Provided records:
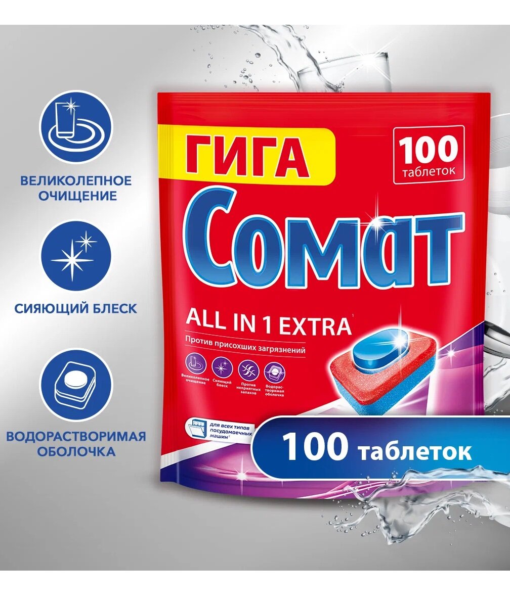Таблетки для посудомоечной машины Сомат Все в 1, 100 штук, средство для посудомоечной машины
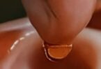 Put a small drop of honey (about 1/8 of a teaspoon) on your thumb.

--

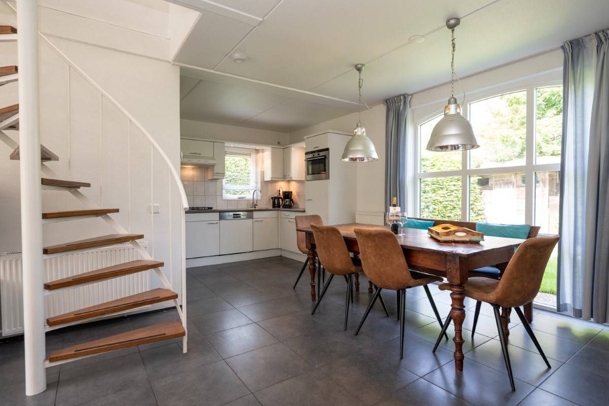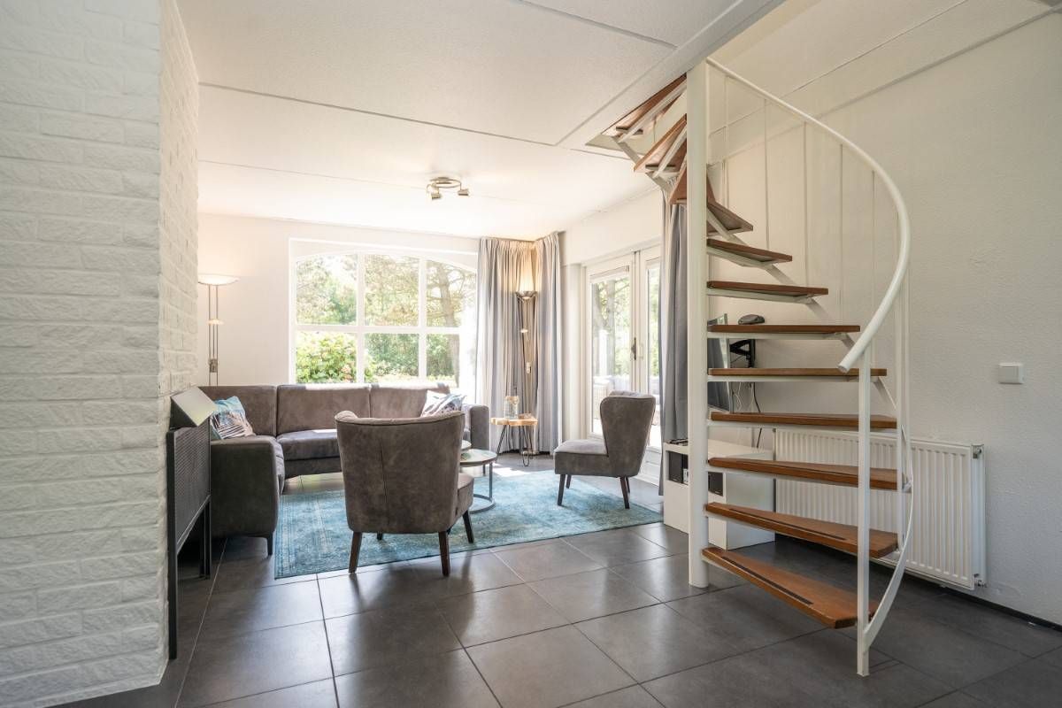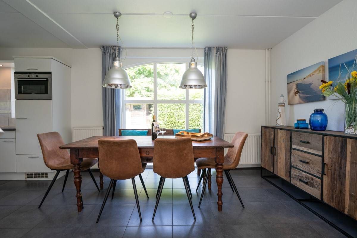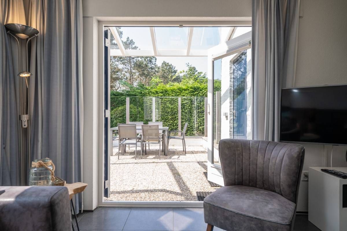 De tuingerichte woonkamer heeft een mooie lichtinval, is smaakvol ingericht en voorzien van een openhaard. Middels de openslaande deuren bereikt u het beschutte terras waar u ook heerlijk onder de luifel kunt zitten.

...

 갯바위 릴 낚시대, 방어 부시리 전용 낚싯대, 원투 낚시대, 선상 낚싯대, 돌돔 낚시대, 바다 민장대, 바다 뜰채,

What is needed:
With the pictures removed from your copy, retype the lines above from the one that contains "Таблетки для посудомоечной" through the one that contains "Put a small", exactly.

Solution to the exercise:
Таблетки для посудомоечной машины Сомат Все в 1, 100 штук, средство для посудомоечной машины
 Put a small drop of honey (about 1/8 of a teaspoon) on your thumb.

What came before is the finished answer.